“Diante de tais relatos, a conclusão deve ser única: no sistema prisional brasileiro, ocorre violação generalizada de direitos fundamentais dos presos no tocante à dignidade, higidez física e integridade psíquica. (…) Os presos tornam-se “lixo digno do pior tratamento possível”, sendo-lhes negado todo e qualquer direito à existência minimamente segura e salubre. Daí o acerto do Ministro da Justiça, José Eduardo Cardozo, na comparação com as “masmorras medievais”.”
Este é um dos trechos do importantíssimo precedente exarado no julgamento da Arguição de Descumprimento de Preceito Fundamental n.º 347, no qual o Supremo Tribunal Federal (STF) considerou a situação prisional no país um “estado de coisas inconstitucional”, com “violação massiva de direitos fundamentais” da população prisional, por omissão do poder público.
Sim, a coluna dessa semana irá falar de um dos assuntos mais difíceis e cercado por um tabu. Encarceramento. Não é à toa que o Senado Federal em 2017 afirmou que a desconfiança e o preconceito da sociedade civil dificultam a ressocialização daquelas sob a custódia estatal.
Até porque todos sabem do problema, já que, conforme dados informados pelo Conselho Nacional de Justiça e de acordo com o relatório orçamentário do Fundo publicado pelo Departamento Penitenciário Nacional (Depen), do Ministério da Justiça e Segurança Pública, em 2016 e 2017, foram repassados aos fundos penitenciários de estados e municípios R$ 1,48 bilhão e R$ 997 milhões, respectivamente; e, mesmo assim as deficiências das condições de encarceramento e os desrespeitos aos direitos humanos da população sob custódia permanecem e, em contrapartida, ainda temos altos índices de criminalidade.

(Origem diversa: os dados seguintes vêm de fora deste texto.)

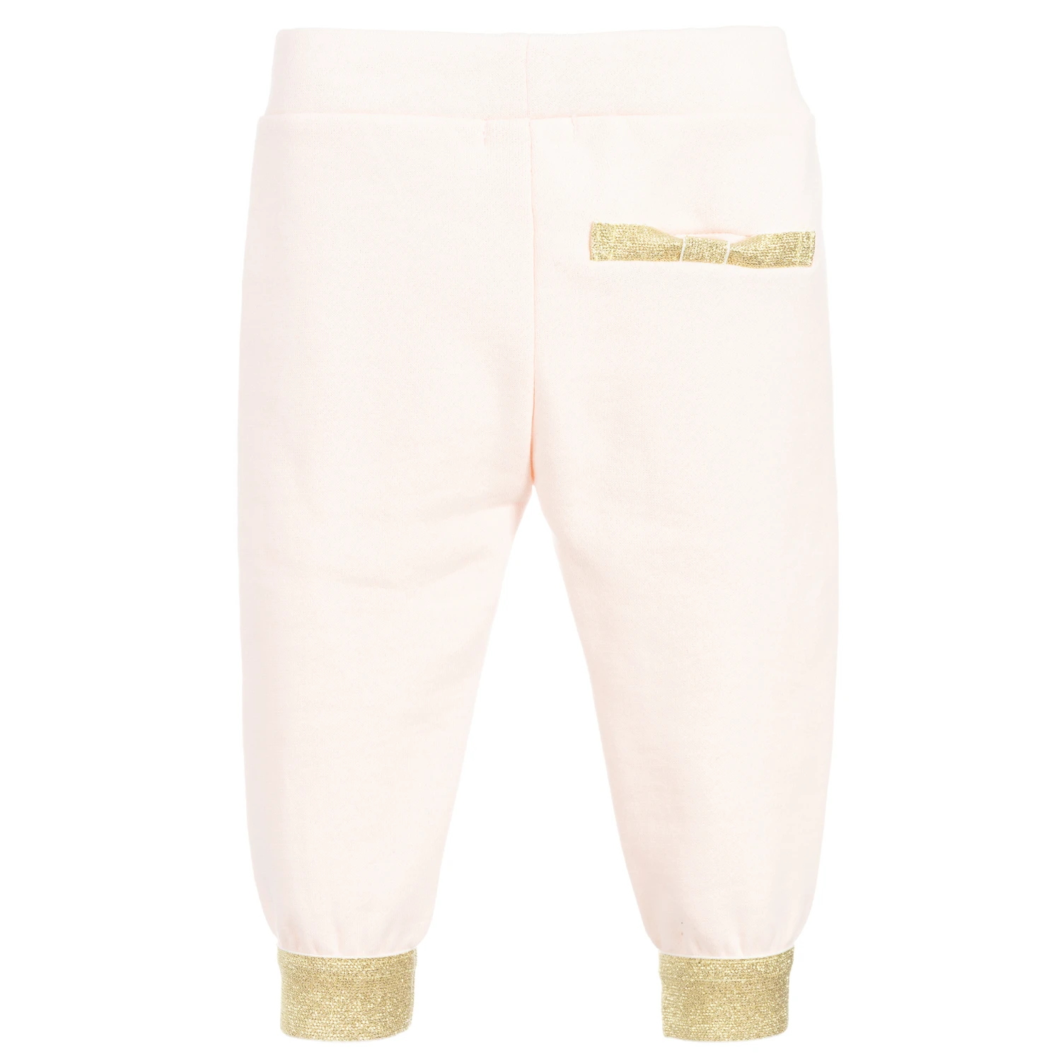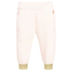 Pale pink joggers for little girls by Billieblush, made in soft cotton jersey. They have elasticated gold ankle cuffs and gold trim on the back pocket.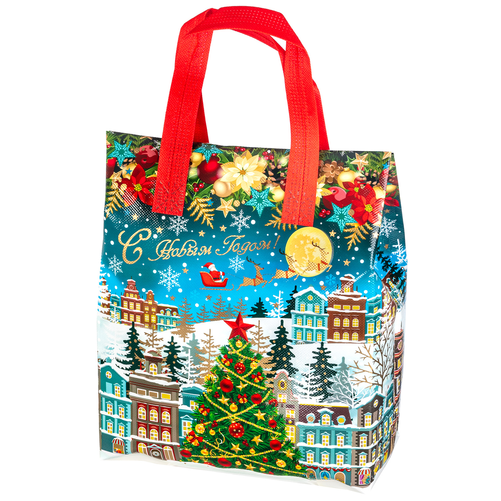 Интересный вариант новогоднего подарка – «Сумочка Чудо-городок». Отлично подойдет на подарок в 2026 году с символом Лошадь. Внутри такого презента находится кондитерский набор весом 1000 граммов.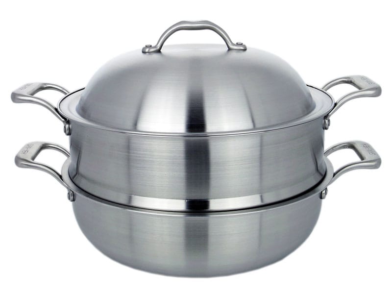 三葉鍋具為七層耐用複合金鍋體,儲熱性佳,全體均勻導熱,可縮短加熱時間。使用之X5CN18-10為最高等級之不鏽鋼,且厚度為2.8mm,比一般市面上名牌精品鍋具2.5mm多了0.3mm,食材即使不加油不沾不黏鍋,不易焦黑,中、小火即可烹調,少油煙易清洗,特殊鍋蓋設計,水膜密封,食物原味不流失,利用密閉效果可有效保持定溫定壓,烤蛋糕都不需使用烤箱,用小火就能烘培,從米飯、蔬菜類,甚至水煮蛋及蛋糕都能輕鬆製作,環保、節能、減碳設計優質鍋品,是每天不可或缺的專業級廚房鍋具。即日起至1/8台北世貿展,現場特價回饋。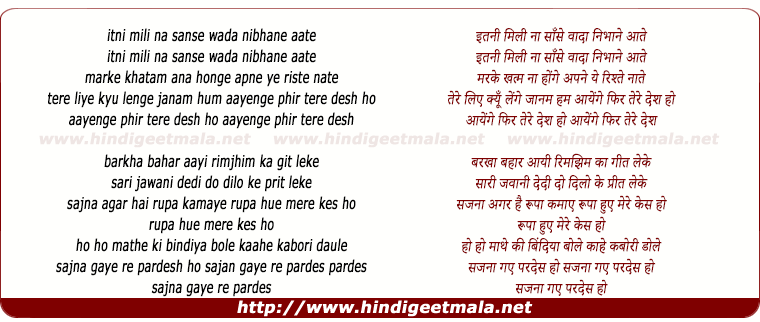 Comments for lyrics of song "Itni Mili Na Sanse Wada Nibhane Aate"

Especialmente diante da situação da pandemia, no qual o próprio CNJ, por meio da Recomendação 62/2020, recomendou aos tribunais do país que evitassem de aplicar medidas de internação a jovens infratores e optassem, ao invés, por medidas socioeducativas para evitarem o risco de contágio. As condições deste sistema possibilitaram um aumento na propagação do vírus em 190% no período de um ano.
Está claro que o modelo prisional brasileiro, no momento em que se encontra, está falido, criando este estado de coisas inconstitucional, no qual uma instituição que tinha a finalidade de reinserir o ser humano na sociedade é comparada a uma “masmorra medieval”.
E como resolver essa situação problemática, especialmente diante do tabu que esse assunto traz? Neste ponto, cabe exaltar a pesquisa do Prof. Mestre Henrique Ramidoff, sobre a concessão de serviços penitenciários: responsabilidade patrimonial e compliance, no qual, ele consegue provar que é possível a atividade unida da sociedade civil e do Estado na resolução deste problema. É sim possível que o Estado cumpra com seus deveres e que o conceito de empresa e de cidadania podem e andam juntos. Através de sua pesquisa se provou que é possível a existência de um sistema carcerário no qual todos façam a sua parte para não deixar ninguém para trás.
O Prof. Ramidoff conclui suas pesquisas por demonstrar a possibilidade e pertinência da concessão dos serviços carcerários para agentes econômicos privados, a fim de melhorar a situação.
Não podemos ignorar este grave problema e, lembrem-se, como Dostoiévski escreveu: “É possível julgar o grau de civilização de uma sociedade visitando suas prisões”.
Coluna publicada na terça-feira, 31 de agosto de 2021, no Jornal Diário de S.Paulo.